All pictures are to be omitted while the lines starting at the line with "Everywhere we stayed, we" and ending at the line with "Team China pose" in the material below are retyped exactly, both ends included.

> _AVAILABLE DATA_:
=== Begin Enclosure ===

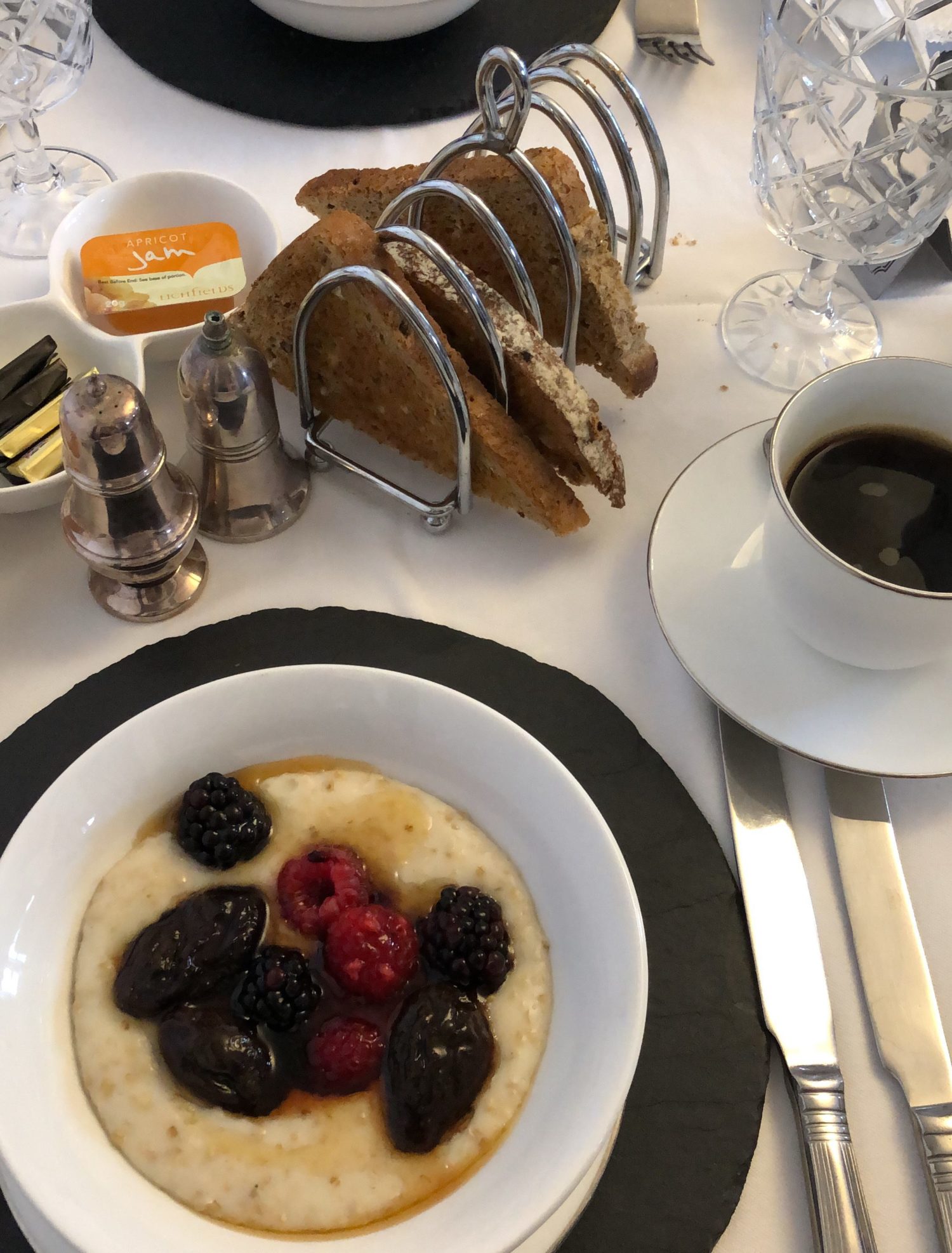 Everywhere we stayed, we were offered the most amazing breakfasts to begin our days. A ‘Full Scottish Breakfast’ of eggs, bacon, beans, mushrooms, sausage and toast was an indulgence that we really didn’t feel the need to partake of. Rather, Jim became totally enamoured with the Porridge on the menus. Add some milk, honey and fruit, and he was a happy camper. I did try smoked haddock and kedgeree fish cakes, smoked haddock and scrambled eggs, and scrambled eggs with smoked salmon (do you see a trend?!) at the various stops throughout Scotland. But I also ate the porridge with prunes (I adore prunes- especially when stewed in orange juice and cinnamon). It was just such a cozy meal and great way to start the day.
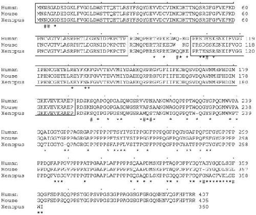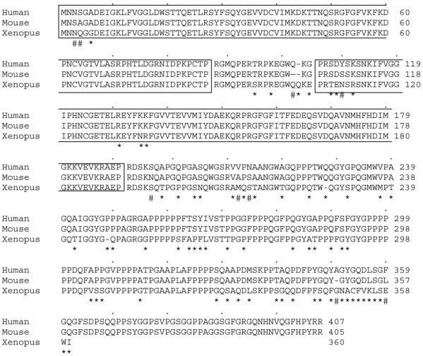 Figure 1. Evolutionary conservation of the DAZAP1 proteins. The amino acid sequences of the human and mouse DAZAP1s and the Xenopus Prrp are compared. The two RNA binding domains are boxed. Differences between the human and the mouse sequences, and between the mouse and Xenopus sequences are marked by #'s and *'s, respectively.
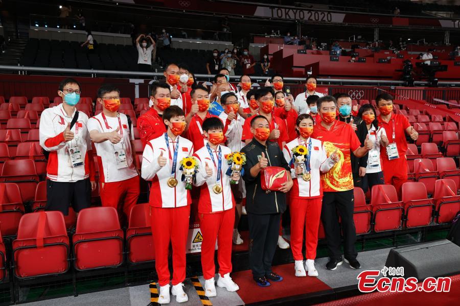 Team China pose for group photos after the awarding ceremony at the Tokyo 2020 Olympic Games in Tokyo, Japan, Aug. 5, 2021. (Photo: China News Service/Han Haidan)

=== End Enclosure ===
=== Begin Enclosure ===

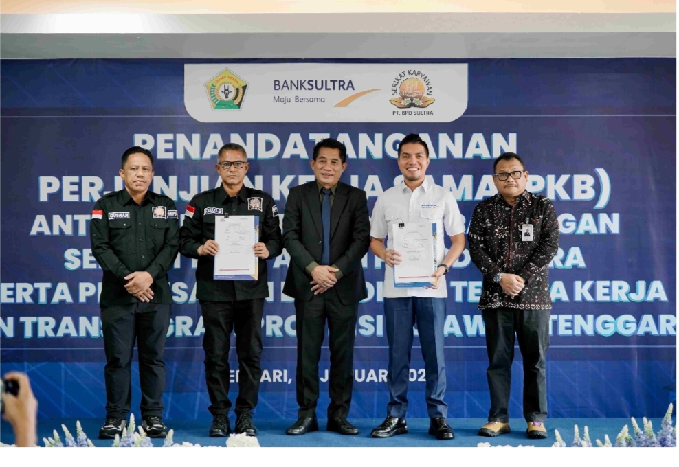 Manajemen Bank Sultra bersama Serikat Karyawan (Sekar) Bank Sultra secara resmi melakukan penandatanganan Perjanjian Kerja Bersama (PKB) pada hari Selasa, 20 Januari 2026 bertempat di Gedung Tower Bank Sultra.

=== End Enclosure ===

> _RESPONSE AREA_:
 Everywhere we stayed, we were offered the most amazing breakfasts to begin our days. A ‘Full Scottish Breakfast’ of eggs, bacon, beans, mushrooms, sausage and toast was an indulgence that we really didn’t feel the need to partake of. Rather, Jim became totally enamoured with the Porridge on the menus. Add some milk, honey and fruit, and he was a happy camper. I did try smoked haddock and kedgeree fish cakes, smoked haddock and scrambled eggs, and scrambled eggs with smoked salmon (do you see a trend?!) at the various stops throughout Scotland. But I also ate the porridge with prunes (I adore prunes- especially when stewed in orange juice and cinnamon). It was just such a cozy meal and great way to start the day.
 Figure 1. Evolutionary conservation of the DAZAP1 proteins. The amino acid sequences of the human and mouse DAZAP1s and the Xenopus Prrp are compared. The two RNA binding domains are boxed. Differences between the human and the mouse sequences, and between the mouse and Xenopus sequences are marked by #'s and *'s, respectively.
 Team China pose for group photos after the awarding ceremony at the Tokyo 2020 Olympic Games in Tokyo, Japan, Aug. 5, 2021. (Photo: China News Service/Han Haidan)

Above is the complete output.